Yeh, well, tell me, I have been working on this for three years… (and enjoying gorgeous maps at the same time )

You are right ESRI’s Editor maintains all nodes (just like all other editors). However, the “osmSupportingElements” field, with values “yes/no” determines whether a node is simply a non-tagged “supporting” node of a way, or has tags of its own and is a “real” feature worth rendering. You can therefore use this field to filter out the bulk of the performance killing nodes, which probably means getting rid of some 90% of all nodes.

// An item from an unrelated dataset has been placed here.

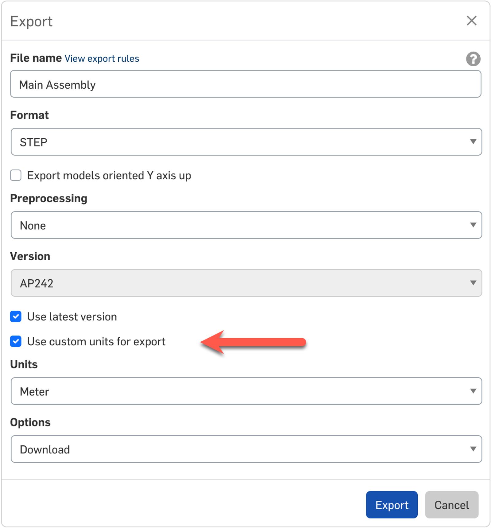 Multiple selected Parts can now be exported from an Assembly as a single file (so the part positions stay relative to the Assembly origin). The units of a STEP file can also be modified before export.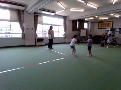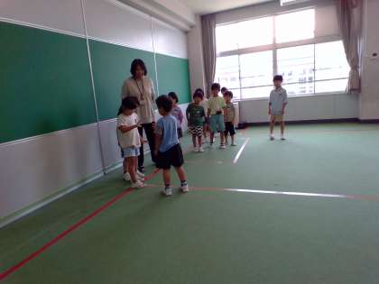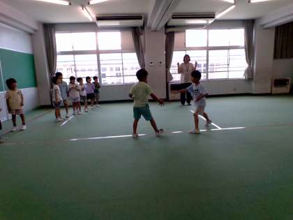 「みんなで遊ぼう」の中から、どんじゃんけんをして遊びました。ルールを守ってみんなで遊ぶことを楽しんでいましたよ。遊んでいく中で「勝った!負けた!」と声を出さないと次の人が走り出せないね、と話し合っていましたよ。

I actually use this in my ArcGIS Renderer for the same reasons. I also implemented a flexible approach where users can chose between rendering from 1) the three base tables unmodified 2) tables without supporting elements and 3) thematic layers / tables like you suggest. In fact, if choosing to render to dedicated thematic tables only, with the current advanced style, you end up with close to 400 layers / tables in your database, because that is how many I have defined for the renderer! (and that was an absolute necessity for the advanced rendering you see).

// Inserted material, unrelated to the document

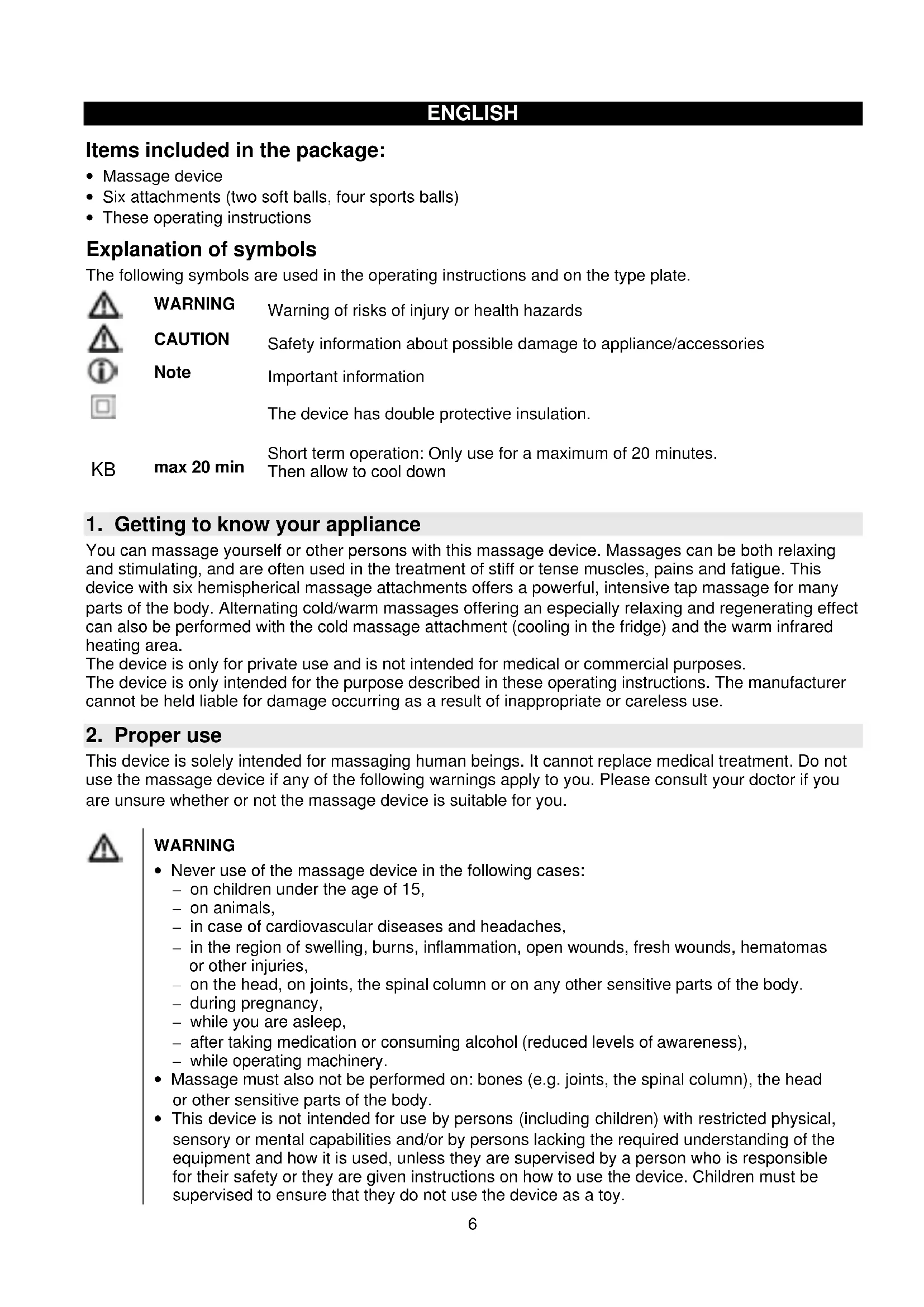 You can massage yourself or other persons with this massage device. Massages can be both relaxing and stimulating, and are often used in the treatment of stiff or tense muscles, pains and fatigue. This device with six hemispherical massage attachments offers a powerful, intensive tap massage for many parts of the body. Alternating cold/warm massages offering an especially relaxing and regenerating effect can also be performed with the cold massage attachment (cooling in the fridge) and the warm infrared heating area. The device is only for private use and is not intended for medical or commercial purposes. The device is only intended for the purpose described in these operating instructions. The manufacturer cannot be held liable for damage occurring as a result of inappropriate or careless use.

I have little doubt this is possible. In fact, the mere existence of the OpenStreetMap project and multiple global renderings, is proof of it. I don’t completely understand what you mean with “no preprocessing”. You will need to pre-process the data if you desire to create a “theme based data model in postgis”…

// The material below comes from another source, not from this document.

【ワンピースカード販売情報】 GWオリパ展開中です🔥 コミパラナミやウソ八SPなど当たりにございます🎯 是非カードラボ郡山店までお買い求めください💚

However, more generally speaking, dealing with ArcGIS, you need to make a choice, as there are two alternative strategies possible:

Create an ordinary “non-Geodatabase” type spatial database in PostGIS. This database is not Geodatabase aware, and can thus not be used in any (versioned) editing workflow in ArcGIS, except through non-versioned editing as Feature Services in ArcGIS. You would most likely create such a database using osm2pgsql, and access the data through read-only Query Layers in ArcGIS, giving you a lot of flexibility in defining your queries. In this scenario, you would NOT use the ArcGIS Editor for OpenStreetMap at all, as that creates ESRI Geodatabases! This scenario will allow minutely updates, as you would essentially be running the ordinary database software stack almost any other OSM website is using, so you can use the current tools for synchronization and updates. In this scenario using osm2pgsql to create and maintain your database, it would be best to implement HStore (or BJSON) key-value storage from the beginning, as that will allow easy access to an arbitrary set of keys. Otherwise you run into the issues the Carto team currently faces, that is the need for an entire new database import to implement HStore and allow more flexible OSM key access.
Use ESRI’s ArcGIS Editor for OpenStreetMap to create an ESRI Geodatabase. This is the approach I have taken. I use the Editor’s functionality to flexibly create an arbitrary database schema. Since the Editor contains its own variant of an “HStore” like key-value storage, you have access to all keys. Disadvantages of this approach are that you probably won’t be able to do something like minutely diffs on a global scale easily. Although there is a “diff” tool in the Editor’s toolbox, I don’t think it is yet capable of global scale automated minutely processing (I must admit I only looked very superficially at it, but my first impressions were not positive in this respect). Also, it would require very specific ESRI experience to properly implement a most likely required geodatabase replication workflow to sync updates to the render database if not going the “diff” approach, but updating from a secondary geodatabase. In my own ArcGIS Renderer for OpenStreetMap, I haven’t yet worked out a real updating workflow, and certainly not a minutely one. My current approach is simply to do an entire database re-load. As my renderer makes a database re-load a really painless and easy experience (just a lengthy one!), I won’t dive into how to maintain a “minutely” diff processing flow in an ESRI Geodatabase. It would be really hard to implement I think, a major undertaking (but again, I must admit I need to look better at the “diff” tool of the Editor).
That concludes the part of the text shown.